Can’t help getting the warm fuzzies at RCNA convention

I am sure I am not the only one who returned from the Royal Canadian Numismatic Association annual convention in Winnipeg with a good feeling. In the interest of fairness, I should point out that one of the highlights for me was being installed as president of Canada’s national coin club. It is a challenging and humbling experience, knowing that I am walking in the footsteps of some of Canada’s numismatic greats. It means that for the next two years, I will be wearing two hats, as a numismatic journalist, and as an association president.

I do not see a particular conflict; I have always been a supporter of the RCNA, and organized coin collecting, and have written many editorials to that effect.
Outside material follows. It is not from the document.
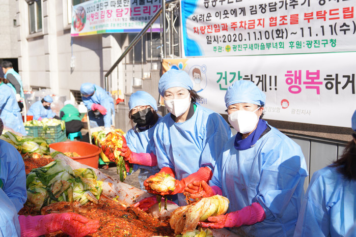 [시민일보 = 여영준 기자] 서울 광진구의회(의장 박삼례) 의원들이 최근 광진구 새마을회관과 능동 정자마당에서 열린 ‘2020 광진구 새마을부녀회 사랑의 김장 담가드리기 행사’에 동참했다.
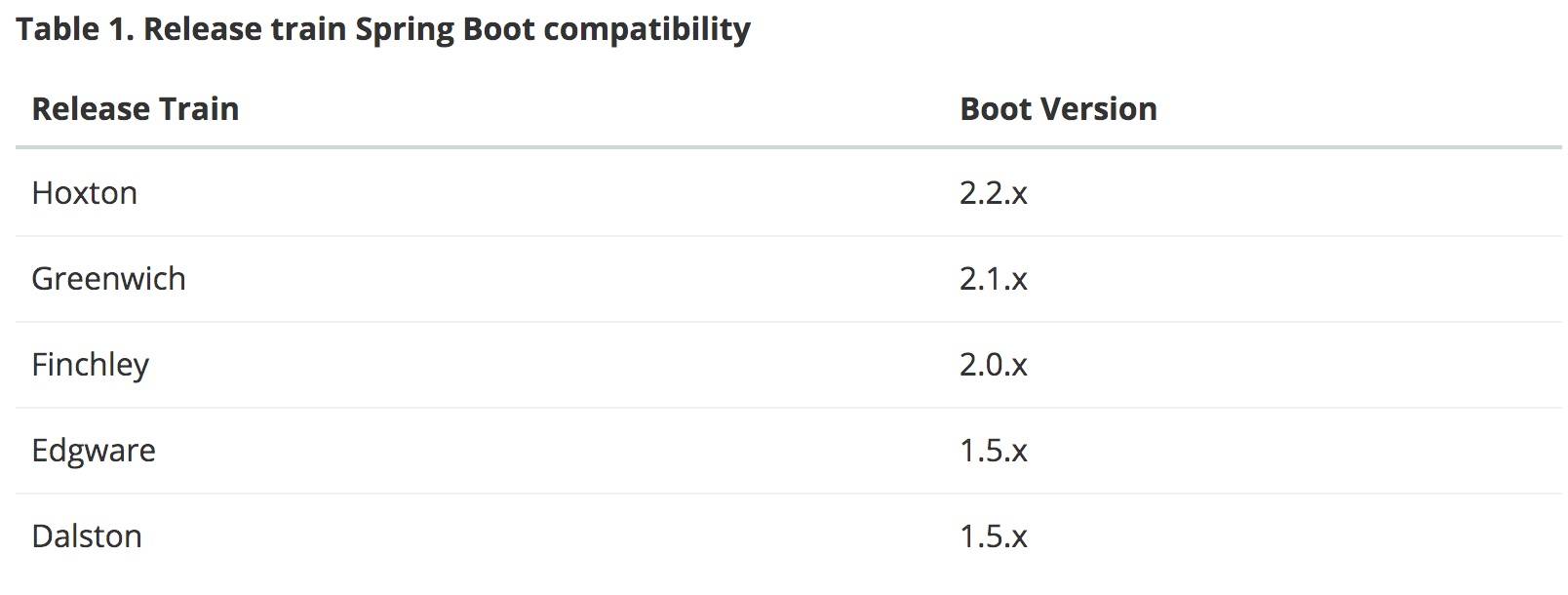 ( Spring Cloud 与 Spring Boot 的版本对应情况,来源于官网)

I also noted it was my 23rd consecutive RCNA convention. I’d be tempted to brag, but I saw people in Winnipeg who have done all those, plus a few more before I came on the scene. Many of them I now view as friends. In fact, that is one of my common comments over the years in favour of coming “out of the closet” and joining organized collecting.

While much of coin collecting is about grading, history, the minting process, and the buying and selling of coins to meet a collecting goal, the fellowship that comes from associating with other collectors is a very tangible benefit as well. For one thing, a lot of coin collectors really are fun people who love to hang out and tell a few jokes, while comparing coins. Even more important for the new collector is the wealth of knowledge and experience that established collectors have. Drop by a local club, or hit a few shows, and you will start to make friends. The next thing you know you will start learning about grading coins, mintages, and obscure varieties that don’t appear in any of the standard references.

Even more important, these are people who will understand your somewhat unnatural obsession with coins. When you talk to the non-collector about coins, it always boils down to a question of what’s it worth. When you talk to the collector, it is most often about the beauty of the coin. The RCNA convention, since it is planned around events, offers one of the best opportunities for social interaction of the year. But there were other highlights worth mentioning. Just as many of those attending did, I had a tour of the Winnipeg Mint facility. It was the first time I had been through in a number of years, and the number of changes was quite remarkable.

The new plating line is impressive, as is the striking floor, which now has a few more presses than last time I was there, and the die making plant. I even had a somewhat limited peek at the coin DNA program. The folks there do an incredible job, and I was impressed that literally every person I came in contact with seemed genuinely friendly and happy. Another highlight was introducing our new publisher, Mike Walsh, to his first RCNA convention. Introducing is a rather strong word, since he hit the ground running and made friends with dealers and collectors in no time at all.